**What you are asked to do:**
Nothing but the lines from the first line of the material below through the line that holds "এদিকে সকালে জানাজা" should be set down, exactly and with pictures left out.

**Material provided:**
- - - - -

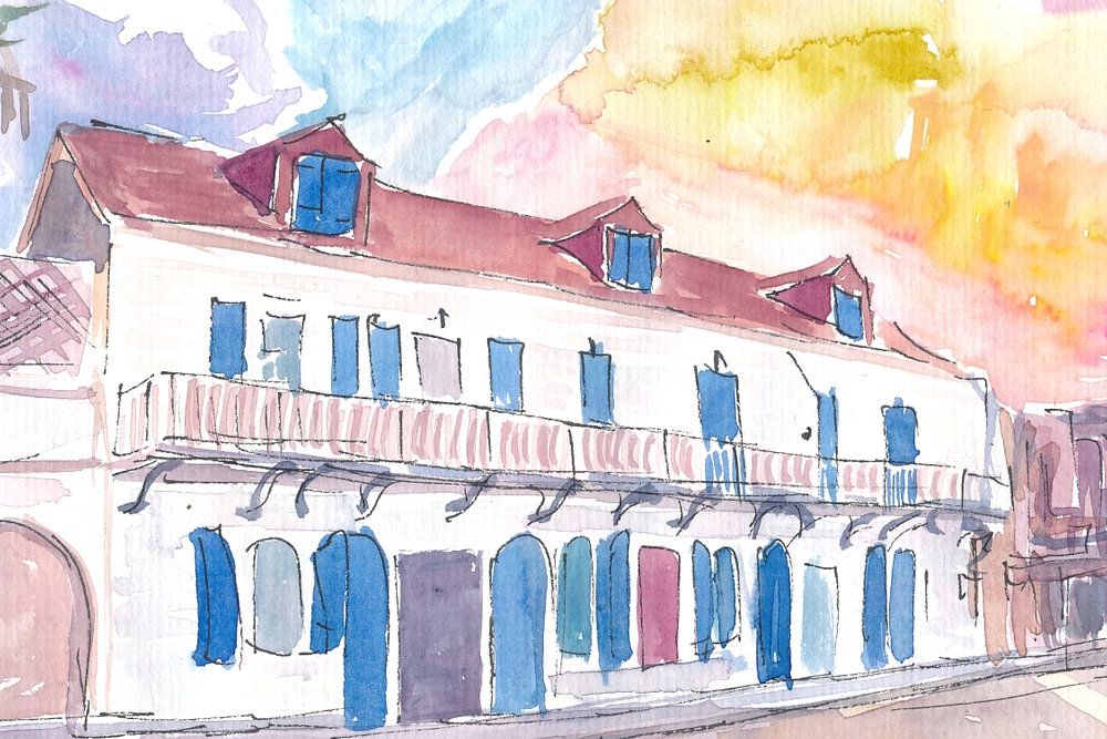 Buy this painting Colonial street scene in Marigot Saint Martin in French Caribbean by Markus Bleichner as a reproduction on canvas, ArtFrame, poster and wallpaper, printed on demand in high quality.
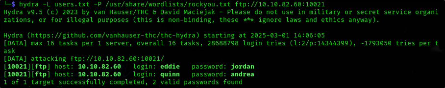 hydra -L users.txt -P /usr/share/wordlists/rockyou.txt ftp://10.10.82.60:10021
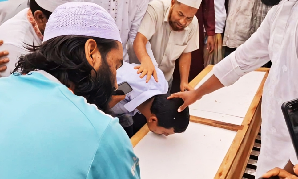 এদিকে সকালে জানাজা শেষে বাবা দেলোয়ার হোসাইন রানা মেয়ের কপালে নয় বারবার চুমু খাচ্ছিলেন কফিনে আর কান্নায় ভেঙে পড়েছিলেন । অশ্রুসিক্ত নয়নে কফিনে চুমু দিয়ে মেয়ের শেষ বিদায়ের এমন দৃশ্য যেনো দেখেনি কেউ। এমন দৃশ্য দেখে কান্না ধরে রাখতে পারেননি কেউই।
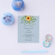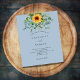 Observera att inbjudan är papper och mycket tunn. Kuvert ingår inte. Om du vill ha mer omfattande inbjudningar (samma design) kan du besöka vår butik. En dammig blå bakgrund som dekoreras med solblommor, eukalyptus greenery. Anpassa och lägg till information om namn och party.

- - - - -

**Written response:**
 Buy this painting Colonial street scene in Marigot Saint Martin in French Caribbean by Markus Bleichner as a reproduction on canvas, ArtFrame, poster and wallpaper, printed on demand in high quality.
 hydra -L users.txt -P /usr/share/wordlists/rockyou.txt ftp://10.10.82.60:10021
 এদিকে সকালে জানাজা শেষে বাবা দেলোয়ার হোসাইন রানা মেয়ের কপালে নয় বারবার চুমু খাচ্ছিলেন কফিনে আর কান্নায় ভেঙে পড়েছিলেন । অশ্রুসিক্ত নয়নে কফিনে চুমু দিয়ে মেয়ের শেষ বিদায়ের এমন দৃশ্য যেনো দেখেনি কেউ। এমন দৃশ্য দেখে কান্না ধরে রাখতে পারেননি কেউই।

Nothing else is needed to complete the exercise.